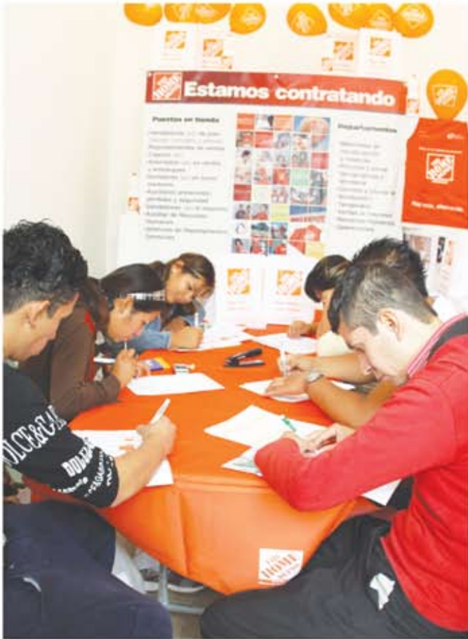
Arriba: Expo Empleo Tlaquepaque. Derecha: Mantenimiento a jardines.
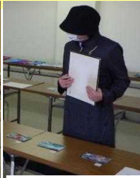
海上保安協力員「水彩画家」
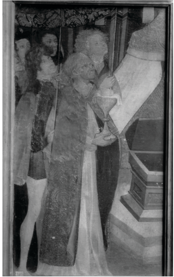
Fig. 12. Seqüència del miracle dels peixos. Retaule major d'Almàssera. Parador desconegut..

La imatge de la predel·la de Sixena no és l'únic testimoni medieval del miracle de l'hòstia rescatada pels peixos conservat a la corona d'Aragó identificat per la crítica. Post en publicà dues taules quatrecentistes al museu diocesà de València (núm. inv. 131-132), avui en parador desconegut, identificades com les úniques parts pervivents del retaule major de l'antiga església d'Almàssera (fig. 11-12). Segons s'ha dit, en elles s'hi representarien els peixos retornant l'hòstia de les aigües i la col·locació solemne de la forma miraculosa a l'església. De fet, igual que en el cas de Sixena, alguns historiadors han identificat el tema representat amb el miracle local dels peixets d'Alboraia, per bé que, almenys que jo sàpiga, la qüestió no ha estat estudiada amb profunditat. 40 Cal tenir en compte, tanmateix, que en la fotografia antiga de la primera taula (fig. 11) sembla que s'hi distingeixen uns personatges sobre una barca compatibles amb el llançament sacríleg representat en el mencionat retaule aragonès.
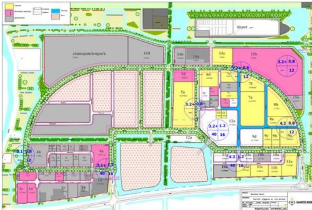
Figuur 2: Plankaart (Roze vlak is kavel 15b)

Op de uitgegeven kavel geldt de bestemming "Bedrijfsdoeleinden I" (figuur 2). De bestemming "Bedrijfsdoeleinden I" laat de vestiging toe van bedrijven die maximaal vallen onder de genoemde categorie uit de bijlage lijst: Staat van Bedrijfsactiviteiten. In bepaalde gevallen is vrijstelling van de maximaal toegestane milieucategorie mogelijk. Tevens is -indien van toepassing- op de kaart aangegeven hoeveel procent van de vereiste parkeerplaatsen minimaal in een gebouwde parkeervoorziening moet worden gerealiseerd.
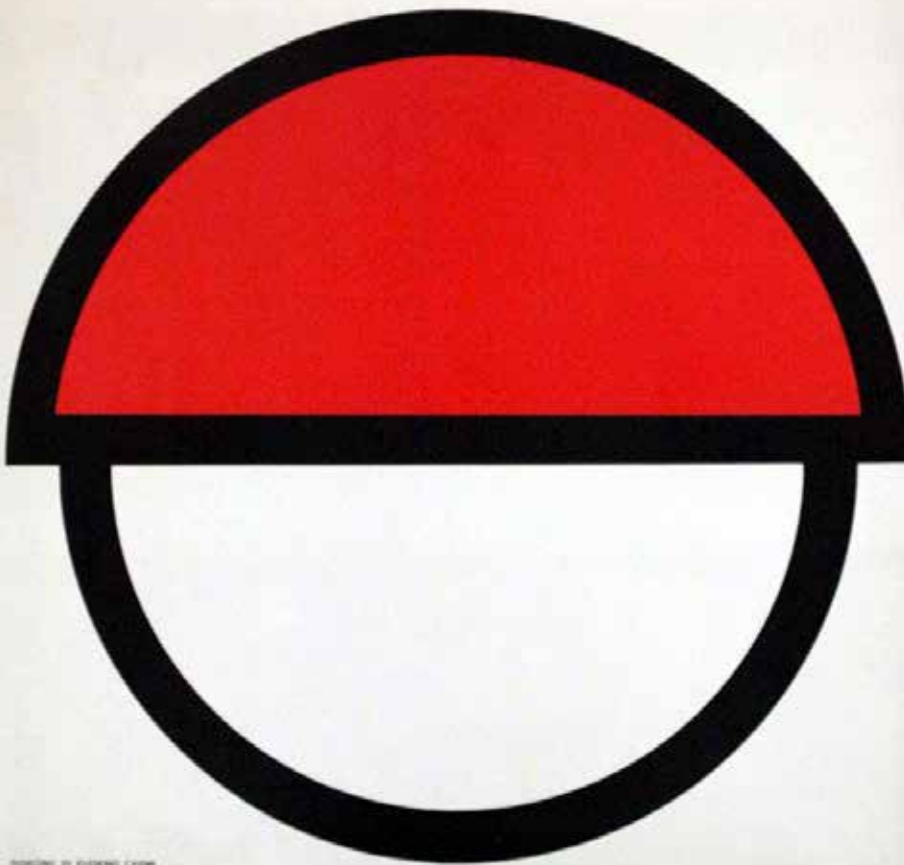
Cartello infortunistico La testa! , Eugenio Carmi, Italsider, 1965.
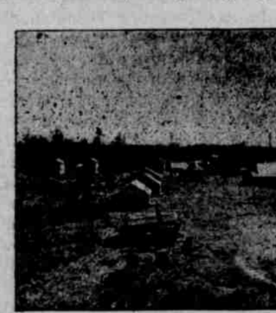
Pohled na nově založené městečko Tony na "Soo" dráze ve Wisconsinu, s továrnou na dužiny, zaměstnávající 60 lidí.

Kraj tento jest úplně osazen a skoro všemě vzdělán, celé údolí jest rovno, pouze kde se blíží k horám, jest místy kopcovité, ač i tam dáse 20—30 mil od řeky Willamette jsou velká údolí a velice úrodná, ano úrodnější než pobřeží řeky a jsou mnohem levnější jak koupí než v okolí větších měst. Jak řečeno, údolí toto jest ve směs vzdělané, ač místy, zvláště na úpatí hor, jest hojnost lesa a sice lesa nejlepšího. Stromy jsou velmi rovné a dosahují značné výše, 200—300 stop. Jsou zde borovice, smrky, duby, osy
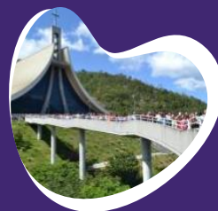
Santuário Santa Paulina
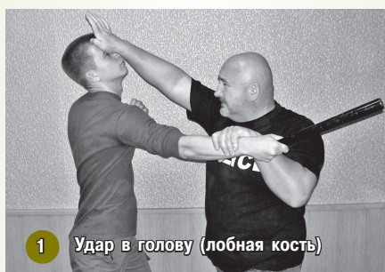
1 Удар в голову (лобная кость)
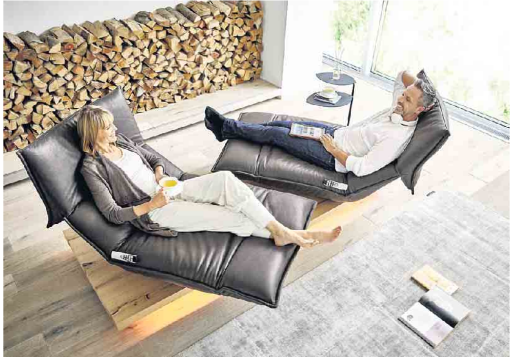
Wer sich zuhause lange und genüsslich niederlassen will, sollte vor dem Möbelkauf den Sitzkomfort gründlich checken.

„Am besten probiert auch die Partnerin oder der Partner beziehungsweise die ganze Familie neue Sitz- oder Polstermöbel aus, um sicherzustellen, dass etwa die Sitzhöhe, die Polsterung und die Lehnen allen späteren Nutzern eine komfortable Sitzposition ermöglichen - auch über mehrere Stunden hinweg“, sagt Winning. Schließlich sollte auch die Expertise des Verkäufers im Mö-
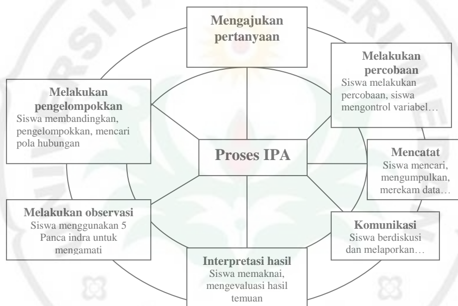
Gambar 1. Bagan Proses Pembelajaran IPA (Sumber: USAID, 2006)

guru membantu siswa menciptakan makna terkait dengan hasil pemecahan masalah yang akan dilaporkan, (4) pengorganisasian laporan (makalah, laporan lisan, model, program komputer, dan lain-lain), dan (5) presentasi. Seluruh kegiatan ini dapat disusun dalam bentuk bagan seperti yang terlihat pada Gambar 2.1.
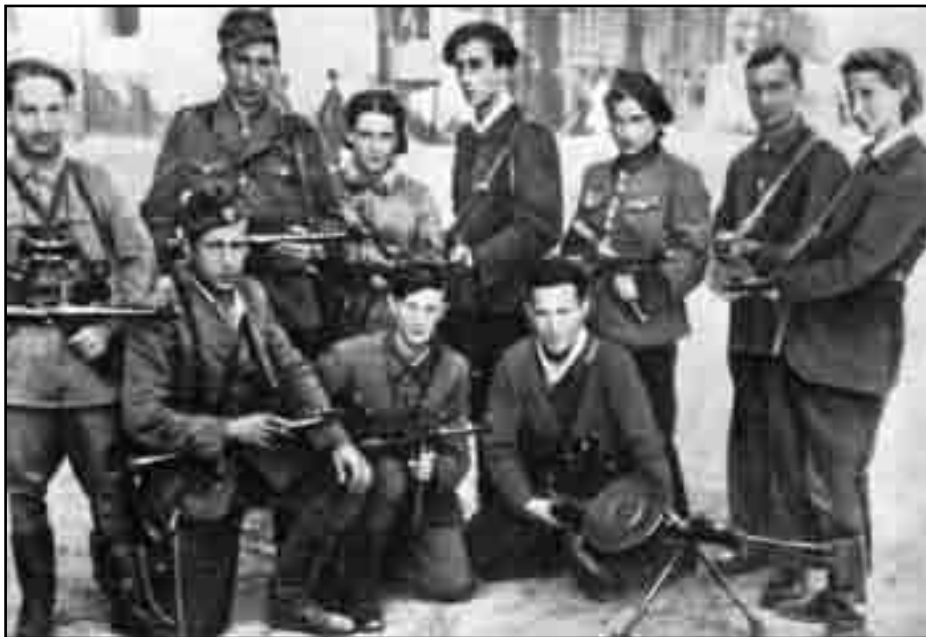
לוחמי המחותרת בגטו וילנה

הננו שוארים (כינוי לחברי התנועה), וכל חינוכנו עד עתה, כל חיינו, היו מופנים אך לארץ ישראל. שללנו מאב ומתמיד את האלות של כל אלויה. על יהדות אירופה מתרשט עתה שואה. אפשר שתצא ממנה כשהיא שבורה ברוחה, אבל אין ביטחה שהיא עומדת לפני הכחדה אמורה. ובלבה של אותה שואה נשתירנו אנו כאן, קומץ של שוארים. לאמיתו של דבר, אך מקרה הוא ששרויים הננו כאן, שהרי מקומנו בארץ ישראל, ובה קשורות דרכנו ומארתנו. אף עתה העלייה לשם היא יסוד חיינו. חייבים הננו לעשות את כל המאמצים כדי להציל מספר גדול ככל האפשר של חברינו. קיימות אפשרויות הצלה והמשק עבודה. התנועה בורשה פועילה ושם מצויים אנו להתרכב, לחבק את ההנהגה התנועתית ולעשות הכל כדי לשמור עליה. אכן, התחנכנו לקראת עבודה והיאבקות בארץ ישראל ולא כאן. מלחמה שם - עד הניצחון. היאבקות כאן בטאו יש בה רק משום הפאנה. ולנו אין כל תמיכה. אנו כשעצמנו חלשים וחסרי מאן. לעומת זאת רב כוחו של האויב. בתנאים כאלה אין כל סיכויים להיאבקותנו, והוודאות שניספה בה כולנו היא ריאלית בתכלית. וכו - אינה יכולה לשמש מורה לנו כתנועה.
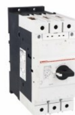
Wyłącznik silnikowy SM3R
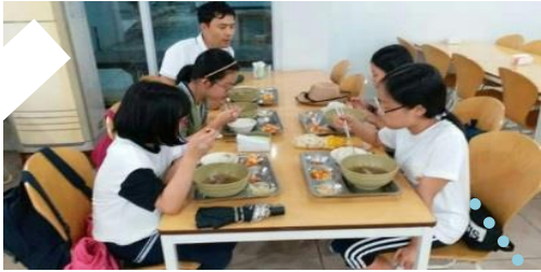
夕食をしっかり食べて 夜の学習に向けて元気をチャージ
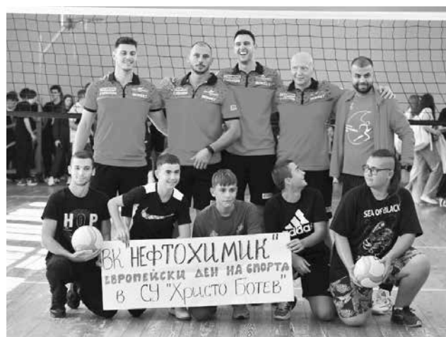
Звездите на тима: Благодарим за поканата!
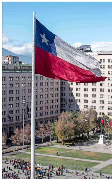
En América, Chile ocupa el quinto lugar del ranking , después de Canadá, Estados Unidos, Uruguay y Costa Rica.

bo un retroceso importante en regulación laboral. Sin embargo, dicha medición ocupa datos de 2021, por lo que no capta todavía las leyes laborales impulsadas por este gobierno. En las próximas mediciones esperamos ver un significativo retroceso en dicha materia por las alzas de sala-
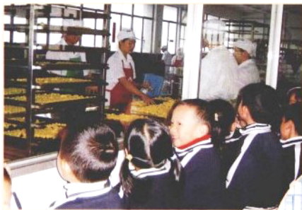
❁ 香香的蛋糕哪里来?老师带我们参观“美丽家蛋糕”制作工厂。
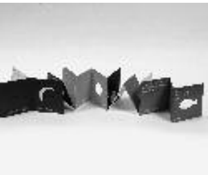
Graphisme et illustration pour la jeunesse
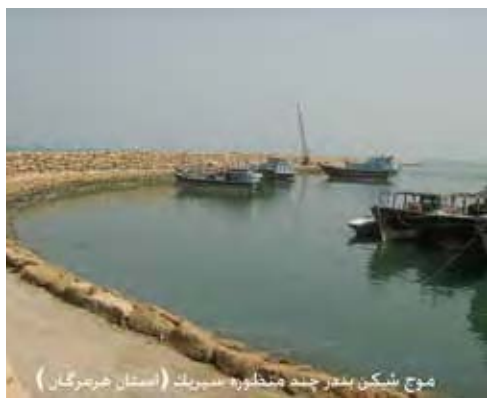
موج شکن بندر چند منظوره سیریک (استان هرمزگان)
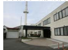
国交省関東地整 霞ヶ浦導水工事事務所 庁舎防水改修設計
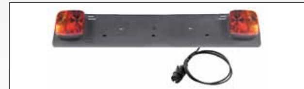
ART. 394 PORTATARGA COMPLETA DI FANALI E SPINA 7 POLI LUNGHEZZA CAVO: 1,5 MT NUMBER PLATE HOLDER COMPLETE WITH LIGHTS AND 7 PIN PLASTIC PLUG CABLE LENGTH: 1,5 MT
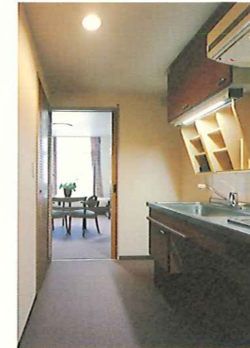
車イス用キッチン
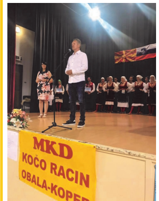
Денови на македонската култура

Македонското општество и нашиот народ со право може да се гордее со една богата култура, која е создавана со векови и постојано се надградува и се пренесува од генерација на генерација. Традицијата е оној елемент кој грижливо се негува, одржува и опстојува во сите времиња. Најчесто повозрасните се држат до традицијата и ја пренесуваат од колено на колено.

◆ ◆ ◆

§ **What is needed**:
Reproduce word for word the lines running from the line with "国交省関東地整 霞ヶ浦導水工事事務所 庁舎防水改修設計" through the end of the data, both included, and nothing else; leave out the pictures.

§ **Task result**:
国交省関東地整 霞ヶ浦導水工事事務所 庁舎防水改修設計
ART. 394 PORTATARGA COMPLETA DI FANALI E SPINA 7 POLI LUNGHEZZA CAVO: 1,5 MT NUMBER PLATE HOLDER COMPLETE WITH LIGHTS AND 7 PIN PLASTIC PLUG CABLE LENGTH: 1,5 MT
車イス用キッチン
Денови на македонската култура

Македонското општество и нашиот народ со право може да се гордее со една богата култура, која е создавана со векови и постојано се надградува и се пренесува од генерација на генерација. Традицијата е оној елемент кој грижливо се негува, одржува и опстојува во сите времиња. Најчесто повозрасните се држат до традицијата и ја пренесуваат од колено на колено.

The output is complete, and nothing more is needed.